■ TASK INPUT ■
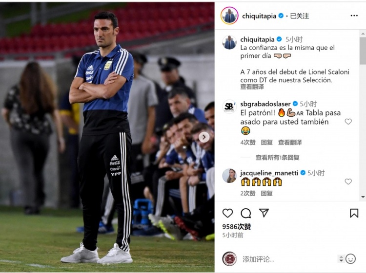 阿根廷足协主席塔皮亚社媒晒出斯卡洛尼的像片,配文:“信心依旧如初🤜🏻🤛🏻斯卡洛尼四肢咱们国度队主帅初度亮相七周年。”
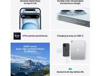 iPhone 15 Plus har et solidt design af gennemsigtigt glas og aluminium. Den er stænk-, vand- og støvafvisende.1 På fronten har den Ceramic Shield, som er stærkere end glasset på enhver smartphone. Og Super Retina XDR-skærmen på 6,7 tommer2 er op til dobbelt så lysstærk i sollys sammenlignet med iPhone 14.
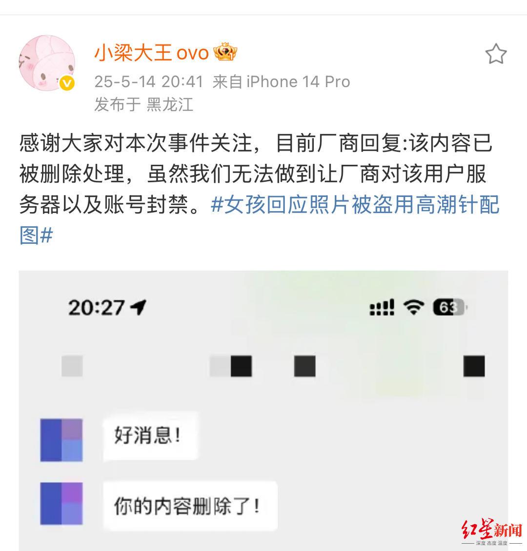 5月14日,梁女士告诉记者,她得知,色情网站上盗用自己图片的内容已被删除。她从朋友处确认,在色情网站检索“高潮针”已无相关内容。在微博上,她提及这一进展称“太高兴了”。
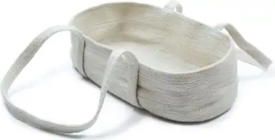 Dukkeliften fra Smallstuff er lavet af genanvendt garn i farven cremehvid, og den har to store håndtag, så den lille dukkemor kan tage sine dukker med sig overalt.
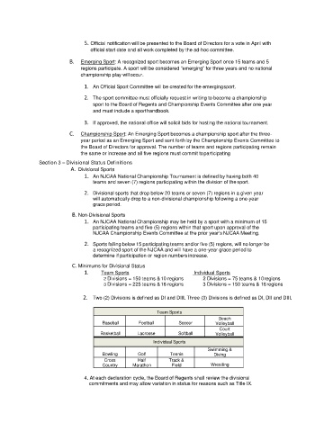 2. Divisional sports that drop below 20 teams or seven (7) regions in a given year
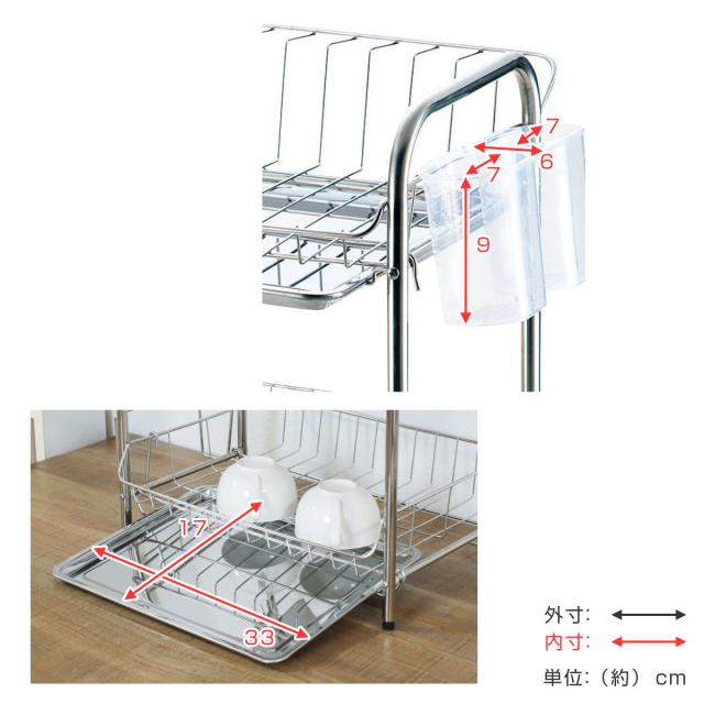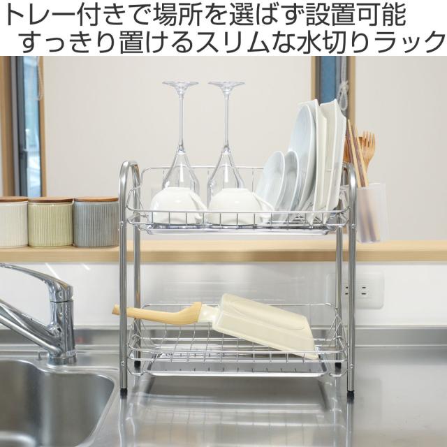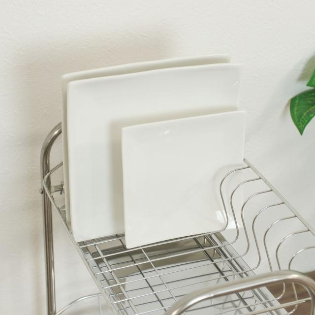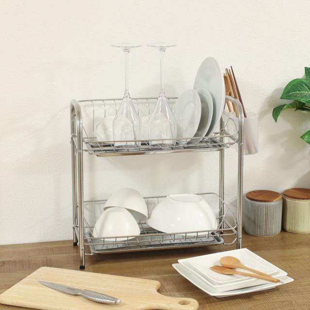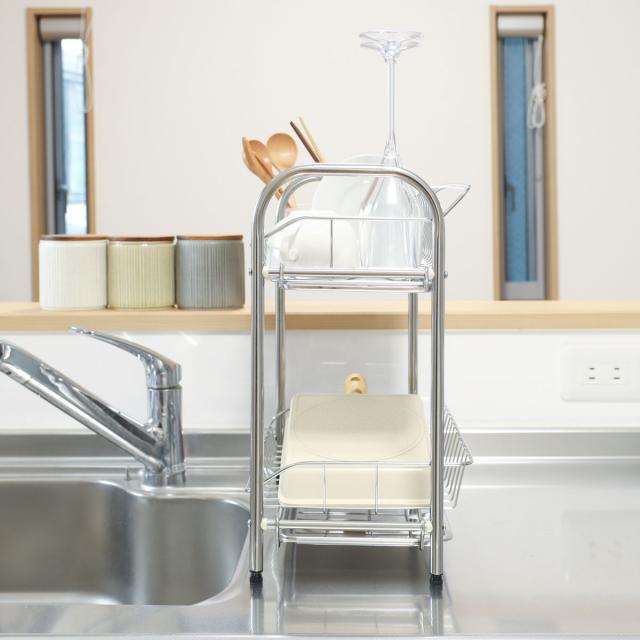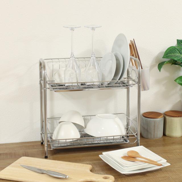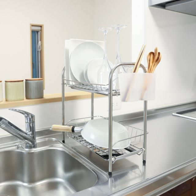 ステンレス製の2段式水切りラックです。奥行22cmのスリム設計なので、シンク横やコンパクトなキッチンにもおすすめです。
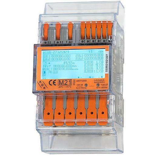 KDK Hutschienen-Drehstromzähler, Wirk-, Blind- und Scheinenergieerfassung, Messung von Lieferung und Bezug, Energieerfassung in 4 Tarifen, ein Tarifschalteingang, Rücklaufsperre pro Energieregister, Rückstellbares kWh-Zählwerk, Anzeige von Energie-Qualitätsmerkmalen, LCD-Display 6,3stellig, Anschlussklemmen in Push-in-CAGE CLAMP (R)Technik, Mbus und Modbus vor Ort auswählbar, Programmierung und Auslesung über Bluetooth 4.0 per App
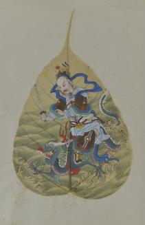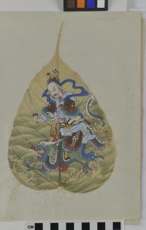 DescriptionChinese export painting; image depicts a man holding a sword and riding on a dragon; water and waves beneathStatus
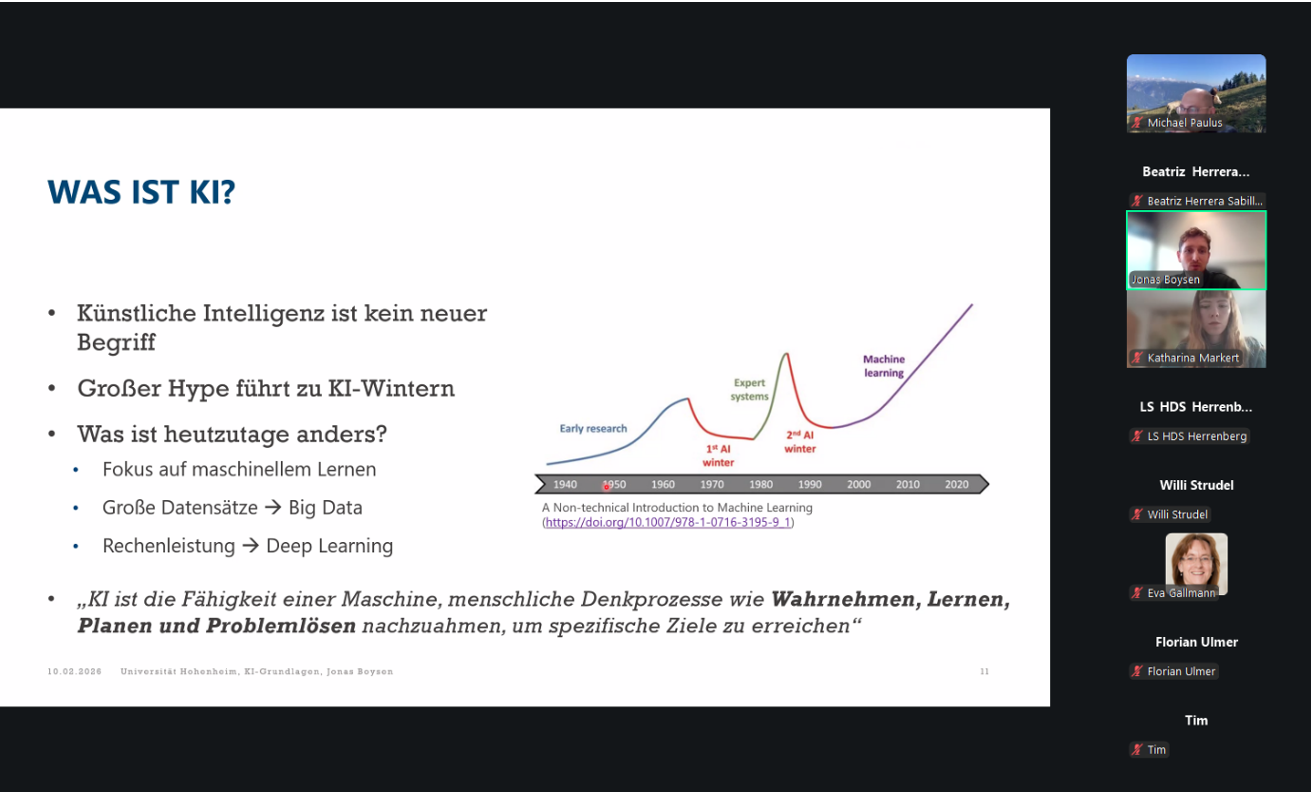 Fachliche Impulse lieferten mehrere Expertinnen: Jonas Boysen (Universität Hohenheim) erklärte die Grundlagen und Potenziale von KI in der Landwirtschaft. Prof. Dr. Eva Gallmann (Universität Hohenheim) zeigte praxisnah den Einsatz von Sensorik und KI in der Tierhaltung auf. Andreas Dörr berichtete aus seinem Pflanzenbaubetrieb in der bayerischen Rhön über die tägliche Nutzung von KI-Tools wie ChatGPT. Markus Pflugfelder (Versuchsstation Ihinger Hof) erläuterte, wie er KI-Anwendungen auf der Versuchsstation einsetzt und wie ihn diese im Arbeitsalltag bei Planungs- und Entscheidungsprozessen unterstützen. Zudem berichtete er, dass aktuell mit dem Hohenheimer Weizen Cup ein Anbauwettbewerb läuft, bei dem Schülerinnen und Studierende gegeneinander – und auch gegen eine KI – antreten.
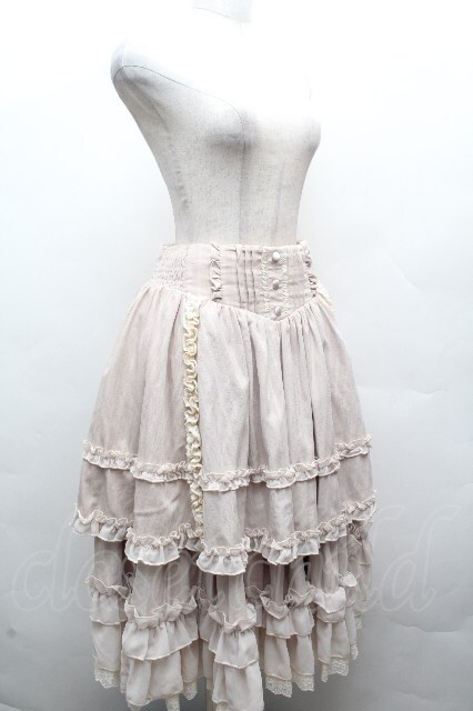 Hoshibako Works / オースティン ストライプ柄レースフリルスカート ベージュ S-26-04-04-080-LO-SK-HR-ZS
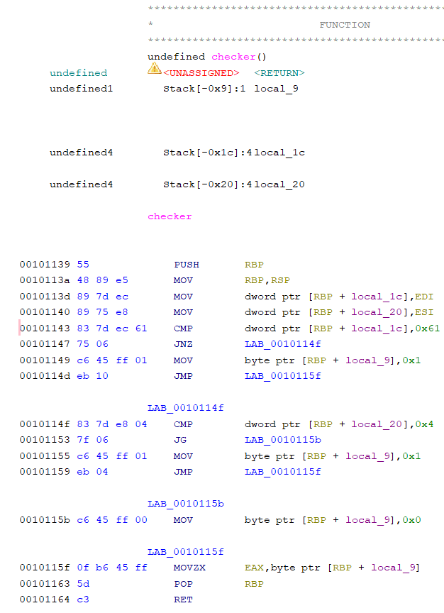 When a binary is first loaded into Ghidra, it is disassembled into machine instructions. A set of heuristics is then used to extract functions that are present in the binary. Figure 2 below shows the disassembled instructions of the checker function.

■ YOUR GOAL ■
An exact transcription is needed, covering the line with "DescriptionChinese export painting;" and every line after it to the end of the entries, but not the pictures.

■ TASK RESULT ■
 DescriptionChinese export painting; image depicts a man holding a sword and riding on a dragon; water and waves beneathStatus
 Fachliche Impulse lieferten mehrere Expertinnen: Jonas Boysen (Universität Hohenheim) erklärte die Grundlagen und Potenziale von KI in der Landwirtschaft. Prof. Dr. Eva Gallmann (Universität Hohenheim) zeigte praxisnah den Einsatz von Sensorik und KI in der Tierhaltung auf. Andreas Dörr berichtete aus seinem Pflanzenbaubetrieb in der bayerischen Rhön über die tägliche Nutzung von KI-Tools wie ChatGPT. Markus Pflugfelder (Versuchsstation Ihinger Hof) erläuterte, wie er KI-Anwendungen auf der Versuchsstation einsetzt und wie ihn diese im Arbeitsalltag bei Planungs- und Entscheidungsprozessen unterstützen. Zudem berichtete er, dass aktuell mit dem Hohenheimer Weizen Cup ein Anbauwettbewerb läuft, bei dem Schülerinnen und Studierende gegeneinander – und auch gegen eine KI – antreten.
 Hoshibako Works / オースティン ストライプ柄レースフリルスカート ベージュ S-26-04-04-080-LO-SK-HR-ZS
 When a binary is first loaded into Ghidra, it is disassembled into machine instructions. A set of heuristics is then used to extract functions that are present in the binary. Figure 2 below shows the disassembled instructions of the checker function.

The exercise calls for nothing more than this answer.